As soon as the tournament in Raleigh was announced, Martinez, McCoy and their friends started making plans. They saved up for plane tickets, found a local seamstress to make proper costumes for them and booked an Airbnb for their two-day stay here.
Triangle a “perfect storm” for future tournaments
Like many other parents who had bought tickets for the tournament, state Rep.

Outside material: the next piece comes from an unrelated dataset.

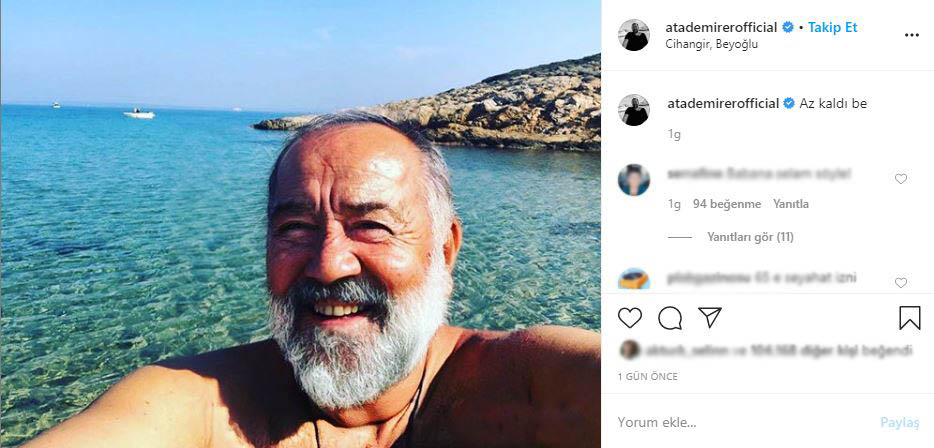 Şarkı söylemek, oyunculuk, komedyenlik gibi bir çok alanda kabiliyetli, on parmağında on marifet olan Ata Demirer, sosyal medyadan yaptığı birçok paylaşımıyla tebessüm ettirmeye devam ediyor. Salgın sebebiyle ev karantinasında olan Demirer, durumuyla alakalı bilgileri sosyal medya hesaplarından takipçileri ile paylaşıyor. Popüler bir mobil uygulamayla yaşlandırılmış bir fotoğrafını paylaşan Demirer, fotoğrafın altına 'az kaldı be' notunu düştü. Yaşlı haliyle bile Demirer’in karizma olduğu yorumları yapıldı. Ata Demirer’in paylaşımı binlerce yorum yüzbinlerce beğeni aldı. Demirer'in yaşlı hali ise Prof. Dr. İlber Oltaylı ve usta oyuncu Çetin Tekindor'a bezetildi.
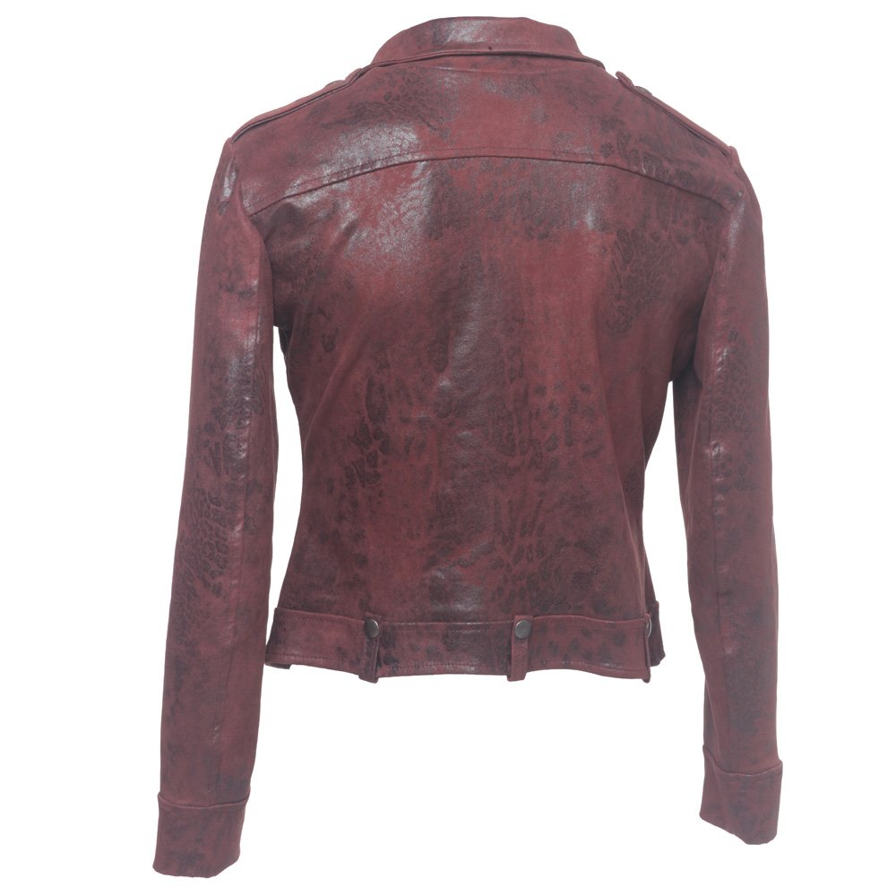 Giacca Biker Donna Bordeaux Effetto Scamosciato Please

Jason Saine stopped by the tournament on Saturday afternoon for his 14-year-old son Jackson, a big fan who started playing Fornite years ago, and got his father interested in the game as well.
Looking up at the giant screens displaying an ongoing match, Saine, a Republican from Lincoln County, said the tournament felt “like a mini Superbowl.”
Saine has said he and his son have long enjoyed playing video games, but he first developed an appreciation for the economic impact of tournaments like these when his son persuaded him to take the entire family to New York for the 2019 World Cup.
The massive gathering of Fortnite fans would convince Saine that North Carolina shouldn’t be passing up on a potentially significant opportunity to cultivate homegrown esports tournaments and attract the immense fan bases of games like Fortnite, and their tourism dollars.
“It’s a big shot in the arm,” Saine said of the tournament’s economic impact, noting that organizers had managed to fill a convention center on a weekend when so many other things, including football games, were going on.
Saine said he had explored the possibility of other cities in North Carolina hosting their own tournaments in the future, but in the meantime, he said cities like Raleigh and Charlotte were well-positioned to continue taking advantage of these opportunities.
“We’ve really got an ecosystem when you think about our education sector, our workforce, Epic Games being here, the tech companies that are here — it’s kind of a perfect storm,” Saine said.